The dataset is not evenly split between those three situations.

Number of recordings per situation

Neither is it evenly split between cat breeds or the sex of the cat.

Number of recordings per breed
Number of recordings per sex of the cat

In fact, some cats occur way more often in the recordings than others. I don’t know why. Maybe “CAN01” is just very talkative whereas “NIG01” prefers to keep to himself?

Number of recordings per individual cat. “CAN01” appears most often and NIG01 least often in the data.

Looking at these distributions is important. When we train a neural network to classify a given voice recording, we want to make sure it performs better than simply guessing the most frequent label.

For example, always guessing “female” when asked for the cat’s gender would be correct in 78% of cases because there are 345 female voice recordings and only 95 recordings of male cats.

Any classifier that is supposed to be useful has to surpass this baseline of “informed” guessing.

FeatureMost frequent labelAbsolute countRelative count = baseline accuracy
Situation
(3 classes)
isolation221 of 440 recordings50.2 %
Sex
(2 classes)
female345 of 440 recordings78.4 %
Breed
(2 classes)
european_shorthair225 of 440 recordings51.1 %
Table that lists the most frequent label per feature. The numbers highlight which baseline accuracy a model has to achieve to be better than guessing.

Now we have an idea of what our data distributions look like. In total, there are three interesting tasks we can have a model learn from the data: (1) What situation was the cat in, (2) what is the sex of the cat, and (3) what is the breed of the cat. It will be interesting to see if these tasks can be learned from the data at all. Let’s start preparing our data to train a model.

Turning audio into images

There are many ways to encode an audio signal before passing it into a neural network. For my project, I am choosing a visual approach: We plot the spectrogram of the audio recordings as an image.

This allows us to use well-established neural networks from the field of computer vision. Also, spectrograms look nice.

Spectrograms are a plot where the location in the image represents a given frequency at a given point in time in the audio file. The brightness of a pixel represents the intensity of the audio signal.

The following example shows one of the recordings as a spectrogram. The time axis goes from top left (zero) to bottom left.

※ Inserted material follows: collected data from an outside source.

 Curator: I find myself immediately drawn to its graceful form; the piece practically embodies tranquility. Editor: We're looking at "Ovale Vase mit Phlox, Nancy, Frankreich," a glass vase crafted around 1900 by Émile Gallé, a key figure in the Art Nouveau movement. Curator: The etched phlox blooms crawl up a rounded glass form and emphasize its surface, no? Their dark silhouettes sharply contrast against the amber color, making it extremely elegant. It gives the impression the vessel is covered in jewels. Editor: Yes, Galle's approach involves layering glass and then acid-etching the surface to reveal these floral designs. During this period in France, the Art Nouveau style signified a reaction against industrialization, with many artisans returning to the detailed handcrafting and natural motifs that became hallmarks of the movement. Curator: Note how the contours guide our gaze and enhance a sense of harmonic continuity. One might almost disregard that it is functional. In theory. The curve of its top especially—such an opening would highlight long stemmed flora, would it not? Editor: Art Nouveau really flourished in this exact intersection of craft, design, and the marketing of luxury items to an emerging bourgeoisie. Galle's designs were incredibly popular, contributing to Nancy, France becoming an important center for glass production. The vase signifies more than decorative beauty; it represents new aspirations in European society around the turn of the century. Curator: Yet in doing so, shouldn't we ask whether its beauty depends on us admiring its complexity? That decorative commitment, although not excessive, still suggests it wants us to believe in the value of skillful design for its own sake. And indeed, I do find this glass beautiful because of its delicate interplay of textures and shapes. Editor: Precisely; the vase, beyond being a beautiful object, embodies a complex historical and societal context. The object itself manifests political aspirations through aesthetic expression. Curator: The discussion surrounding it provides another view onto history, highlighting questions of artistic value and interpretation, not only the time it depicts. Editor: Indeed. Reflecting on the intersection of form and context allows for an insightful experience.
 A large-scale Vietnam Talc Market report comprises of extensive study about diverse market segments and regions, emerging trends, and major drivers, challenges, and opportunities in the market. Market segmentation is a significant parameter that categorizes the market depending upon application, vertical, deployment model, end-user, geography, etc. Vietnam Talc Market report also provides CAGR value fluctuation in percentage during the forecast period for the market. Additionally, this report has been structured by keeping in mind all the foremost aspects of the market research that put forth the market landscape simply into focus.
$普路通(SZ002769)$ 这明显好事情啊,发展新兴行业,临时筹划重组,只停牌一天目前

The x-axis denotes the frequencies.

We turn our audio recordings into images by drawing their spectrogram

Image classification using a pretrained ResNet

Having turned our audio classification task into an image classification task, we can start with our model training. We are going to train three models for three different tasks:

  1. Given a spectrogram image, classify the situation the cat was in.
  2. Given a spectrogram image, classify the sex of the cat.
  3. Given a spectrogram image, classify the breed of the cat.

I have been playing around with the fast.ai library in the past few weeks which provides convenient wrappers around the PyTorch framework, so I decided to use fast.ai for this project.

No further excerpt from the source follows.